Mei Ling, Gao Linbo, Wang Tao, Yang Dong, Chen Weixing, Niu Xiaoyu
Department of Obstetrics and Gynecology, West China Second University Hospital, Sichuan University, Chengdu, 610041, China.
Center of Translational Medicine, Key Laboratory of Birth Defects and Related Diseases of Women and Children, West China Second University Hospital, Sichuan University, Chengdu, 610041, China.
Int Urogynecol J. 2025 Feb 3. doi: 10.1007/s00192-025-06046-9.
We aimed to develop and validate a clinically applicable risk assessment model for identifying women at a high risk of pelvic organ prolapse (POP) based on a retrospective practice.
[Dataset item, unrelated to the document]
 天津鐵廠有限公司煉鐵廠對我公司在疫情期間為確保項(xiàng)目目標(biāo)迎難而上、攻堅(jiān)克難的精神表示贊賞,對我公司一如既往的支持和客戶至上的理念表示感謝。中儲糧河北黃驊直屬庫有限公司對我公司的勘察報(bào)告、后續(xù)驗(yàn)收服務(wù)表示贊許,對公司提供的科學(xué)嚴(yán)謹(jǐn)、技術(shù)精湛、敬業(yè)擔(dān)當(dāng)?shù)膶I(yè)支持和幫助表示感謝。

This study enrolled patients with and without POP between January 2019 and December 2021. Clinical data were collected and machine learning models were applied, such as multilayer perceptron, logistic regression, random forest (RF), light gradient boosting machine and extreme gradient boosting. Two datasets were constructed, one comprising all variables and the other excluding physical examination variables. Two versions of the machine learning model were developed. One was for professional doctors, and the other was for community-health providers. The area under the curve (AUC) and its confidence interval (CI), accuracy, F1 score, sensitivity, and specificity were calculated to evaluate the model's performance. The Shapley Additive Explanations method was used to visualize and interpret the model output.
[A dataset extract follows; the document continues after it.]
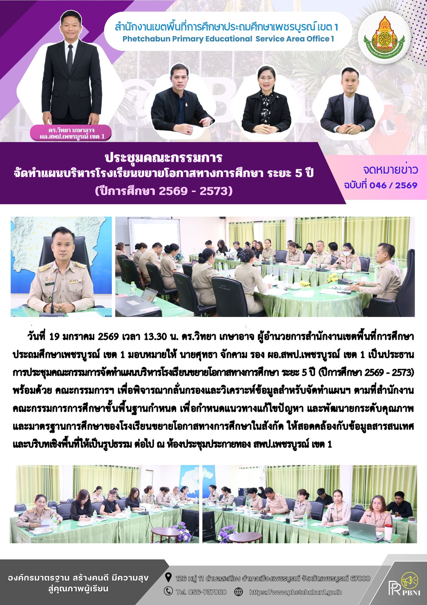 19 มกราคม 2569 เวลา 13.30 – ดร.จิรันธนิน คงจีน ศึกษานิเทศก์ชำนาญการพิเศษ เข้าร่วมประชุมคณะกรรมการจัดทำแผนบริหารโรงเรียนขยายโอกาสทางการศึกษา ระยะ 5 ปี (ปีการศึกษา 2569 - 2573) โดย ดร.วิทยา เกษาอาจ ผู้อำนวยการสำนักงานเขตพื้นที่การศึกษาประถมศึกษาเพชรบูรณ์ เขต 1 มอบหมายให้ นายศุทธา จักคาม รอง ผอ.สพป.เพชรบูรณ์ เขต 1 เป็นประธานการประชุมคณะกรรมการจัดทำแผนบริหารโรงเรียนขยายโอกาสทางการศึกษา ระยะ 5 ปี (ปีการศึกษา 2569 - 2573) พร้อมด้วย คณะกรรมการฯ เพื่อพิจารณากลั่นกรองและวิเคราะห์ข้อมูลสำหรับจัดทำแผนฯ ตามที่สำนักงานคณะกรรมการการศึกษาขั้นพื้นฐานกำหนด ในการดำเนินการกำหนดแนวทางแก้ไขปัญหา และพัฒนายกระดับคุณภาพและมาตรฐานการศึกษาของโรงเรียนขยายโอกาสทางการศึกษาในสังกัด ให้สอดคล้องกับข้อมูลสารสนเทศ และบริบทเชิงพื้นที่ ให้เป็นรูปธรรมต่อไป ณ ห้องประชุมประกายทอง สพป.เพชรบูรณ์ เขต 1

A total of 16,416 women were recruited, with 8,314 and 8,102 in the POP and non-POP groups respectively. Eighty-seven variables were recorded. Among all candidate models, the RF model with 13 variables showed the best performance, with an AUC of 0.806 (95% CI 0.793-0.817), accuracy of 0.723, F1 of 0.731, sensitivity of 0.742, and specificity of 0.703. Excluding the physical examination variables, the RF model with 11 variables showed an AUC, accuracy, F1 score, sensitivity, and specificity of 0.716, 0.652, 0.688, 0.757, and 0.545 respectively.
We constructed a clinically applicable risk warning system that will help clinicians to identify women at a high risk of POP.
我们旨在基于一项回顾性实践,开发并验证一种临床适用的风险评估模型,以识别盆腔器官脱垂(POP)高危女性。
本研究纳入了2019年1月至2021年12月期间患有和未患有POP的患者。收集临床数据并应用机器学习模型,如多层感知器、逻辑回归、随机森林(RF)、轻量级梯度提升机和极限梯度提升。构建了两个数据集,一个包含所有变量,另一个排除体格检查变量。开发了两个版本的机器学习模型。一个供专业医生使用,另一个供社区卫生服务提供者使用。计算曲线下面积(AUC)及其置信区间(CI)、准确率、F1分数、敏感性和特异性,以评估模型性能。使用Shapley值法对模型输出进行可视化和解释。
共招募了16416名女性,POP组和非POP组分别有8314名和8102名。记录了87个变量。在所有候选模型中,包含13个变量的RF模型表现最佳,AUC为0.806(95%CI 0.793-0.817),准确率为0.723,F1为0.731,敏感性为0.742,特异性为0.703。排除体格检查变量后,包含11个变量的RF模型的AUC、准确率、F1分数、敏感性和特异性分别为0.716、0.652、0.688、0.757和0.545。
我们构建了一个临床适用的风险预警系统,这将有助于临床医生识别POP高危女性。